Highlights

CB Industrial Product - 2Q19 Below Expectations

Date: 22/08/2019

Source  :  KENANGA
Stock  :  CBIP       Price Target  :  0.85      |      Price Call  :  HOLD
        Last Price  :  1.01      |      Upside/Downside  :  -0.16 (15.84%)
 


CB Industrial Product (CBIP)’s 1H19 CNP of RM12.1m came in markedly below our and consensus’ expectations, at 26% each of both full-year forecasts, due to higher-than expected plantation losses and lower-than-expected POME margins. No dividend was declared, as expected. Moving forward, POME PBT margins are expected to normalize to 18-20% as costs stabilize. Cut FY19-20E earnings by 30- 24%. Downgrade to MP with a lower TP of RM0.850.

2Q19 markedly below expectations. 2Q19 registered Core Net Profit (CNP) of RM1.1m, bringing 1H19 CNP to RM12.1m which is markedly below our and consensus’ expectations, at 26% each of both full-year forecasts. The deviation mainly stemmed from: (i) lower-than-expected margins for its POME segment, which we believe was due to deferred recognition of fabrication costs captured into the quarter, and (ii) higher than-expected losses from its plantation division due to depressed CPO prices and higher operating costs. No dividend was declared, as expected.

Results highlight. YoY, 1H19 CNP fell (-70%) to RM12.1m mainly attributed to: (i) SPV segment (LBT: RM1.3m vs. 1H18 PBT: RM32.3m) due to exhausted order-book, and (ii) enlarged losses from plantation segment (9x on low base) to LBT of RM14.4m (vs. 1H18 LBT: RM1.5m) owing to lower average CPO prices (YoY: -18%) and higher operating expenses. QoQ, 2Q19 CNP tumbled (-90%) to RM1.1m arising from: (i) PBT margin compression for its POME segment (-16.7 ppt), which we believe is due to deferred recognition of parts fabrication costs (from last quarter), and (ii) widening LBT (2Q19 LBT: RM9.9m vs. 1Q19 LBT: RM4.5m) from its plantation division from higher operating expenses and lower average CPO prices (RM1,977/MT vs. RM2,000 in 1Q19).

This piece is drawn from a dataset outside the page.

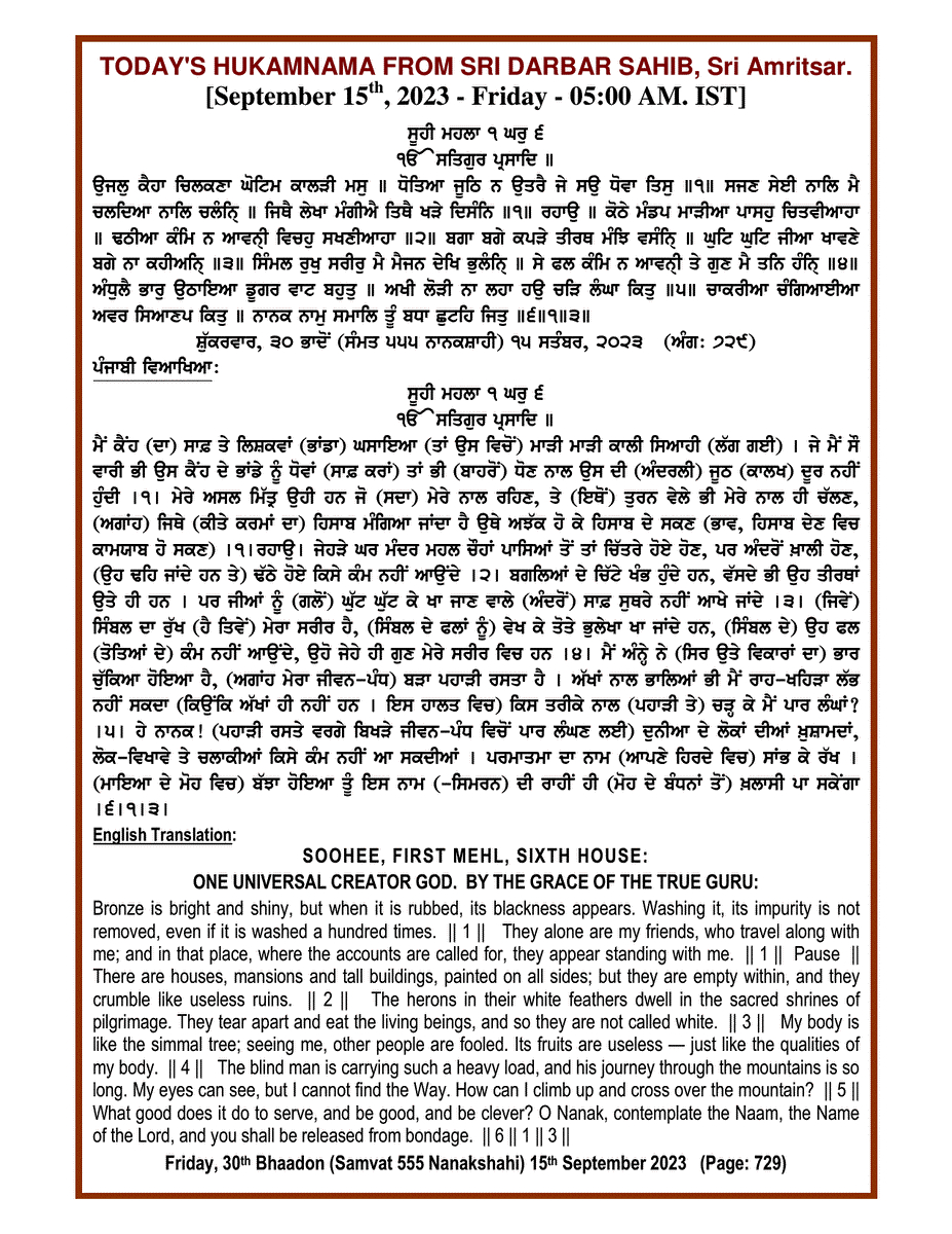 Source : SGPC Post navigation Today’s MUKHWAK Sri Darbar Saheb Amritsar – September 14th, 2023 Today’s MUKHWAK Sri Darbar Saheb Amritsar – September 16th, 2023

POME margins expected to normalize. Moving forward, PBT margins for POME segment are expected to moderate to 18-20% as recognition of its fabrication costs for parts normalize. Meanwhile, its biodiesel processing plants are still undergoing refurbishment with expected completion delayed to Nov 2019 (from Sep 2019). YTD, POME’s order book replenishment stands at RM301.4m, which accounts for 79% of our FY19E target of RM380m. Moving forward, we anticipate CBIP to clinch 1-2 more POME contracts by year-end, on track to meet our FY19E target. Its current outstanding order-book stands at RM482m (POME: RM406m; SPV: RM76m), which should provide 1-1.5 years visibility.

Cut FY19-20E CNP by 30-24% to RM32.9-48.0m as we factor in: (i) higher operating costs for its plantation division, (ii) slightly slower POME billings, and (iii) lower contribution from its biodiesel plants.

Downgrade to MARKET PERFORM (from OUTPERFORM) with a lower Target Price of RM0.850 (from RM1.10) based on an unchanged Fwd. PER of 9.3x, representing -2.0SD vs. other planters’ range (-2.0SD to -1.0SD) under our coverage, due to the earnings disappointment and the drag from plantation segment caused by initial lower yields and high operating costs.

Risks to our call include higher/lower-than-expected raw material cost, higher/lower order-book replenishment, and higher/lower-than expected plantation losses.